A lightweight offline application for PDF text extraction, OCR processing, and rule-based document analysis.
- Offline Operation: No external APIs required - everything runs in your browser
- Client-Side OCR: Uses Tesseract.js for browser-based OCR processing
- PDF Text Extraction: Automatic text layer detection with PDF.js
- Rules Engine: Apply custom JSON rules to extracted text
- Demo Mode: Built-in sample rules for testing
- CSV Export: Export results for Excel/Google Sheets
- Single Binary: Everything embedded in one executable (frontend, rules, dependencies)
- Local Processing: All PDF processing happens client-side for privacy
No additional prerequisites required! The application uses a pure Go SQLite driver (github.com/glebarez/sqlite) that doesn't require CGO or external dependencies.

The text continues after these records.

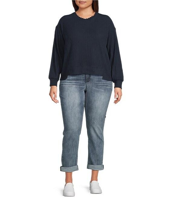 Democracy Plus Size Mixed Media Knit Embroidered Faux Pearl Scoop Neck Long Sleeve Top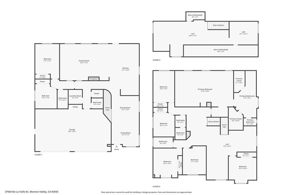 Set behind the gates of one of Moreno Valley’s most desirable communities, this impressive three story residence offers space, separation, and flexibility designed for today’s modern multi-generational lifestyle. With eight bedrooms and a thoughtfully designed layout, this home provides rare versatility for extended family, guests, or work from home living.The first level features a private living wing with two bedrooms, 1.5 bathrooms, laundry, and direct garage access, creating an ideal setup for in laws, guests, or a dedicated home office suite. Freshly painted with brand new carpet, the home is truly move in ready. The open concept kitchen and family room create the heart of the home, perfect for entertaining or relaxing around the fireplace. The second level hosts a primary retreat featuring his and hers vanities, his and hers walk-in closet spaces, and an ensuite bath, offering a true dual-suite experience rarely found in this price range. Additional bedrooms and a large central loft provide flexibility for play, study, or additional living space. The third level adds even more versatility with multiple loft areas, ideal for a home gym, media room, studio, or long term storage. The private backyard features a low maintenance design with lush grass space for entertaining, play, or weekend gatherings, while the four car attached garage offers exceptional parking and storage. Ideally located near parks, Lake Perris, hiking and biking trails, major medical centers, and with convenient access to the 60 and 215 freeways, this home offers the perfect balance of privacy, lifestyle, and connectivity in a beautiful, up and coming Moreno Valley community.
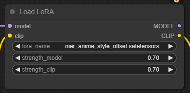 또한 [Load Lora] 노드에는 아래와 같이 LoRA에 대한 가중치(strength_model)과 CLIP에 대한 가중치(strength_clip)이 있으니 적절하게 조절할 수 있습니다.

Note: Tesseract is no longer required as OCR processing is handled client-side in the browser using Tesseract.js.
-
Clone/Download this project
-
Install dependencies:
go mod tidy
-
Build the application:
go build -o ocr-app.exe main.go
-
Run the application:
./ocr-app.exe
-
Open in browser: http://localhost:8080
- Click "Choose File" and select a PDF
- Click "Upload & Process" to extract text/perform OCR
- The app will automatically detect if OCR is needed
- Select "Demo Mode"
- Click "Load Demo Rules" to use built-in sample rules
- Click "Apply Rules" to process the document
- Select "Test Mode"
- Paste your custom JSON rules in the text area
- Click "Apply Rules"
[
{
"id": "unique_id",
"name": "Rule Name",
"pattern": "search_text",
"description": "What this rule finds"
}
]- Click "Export to CSV" to download results
- Compatible with Excel and Google Sheets
/ocr-app
main.go # Main application server
go.mod # Go dependencies
go.sum # Go dependency checksums
.gitignore # Git ignore rules
/frontend # Embedded web interface
index.html # Main web interface
tesseract.min.js # Client-side OCR library
pdf.min.js # Client-side PDF processing
/rules # Embedded rule definitions
demo.json # Sample rules for testing
ocr_app.db # SQLite database (created at runtime)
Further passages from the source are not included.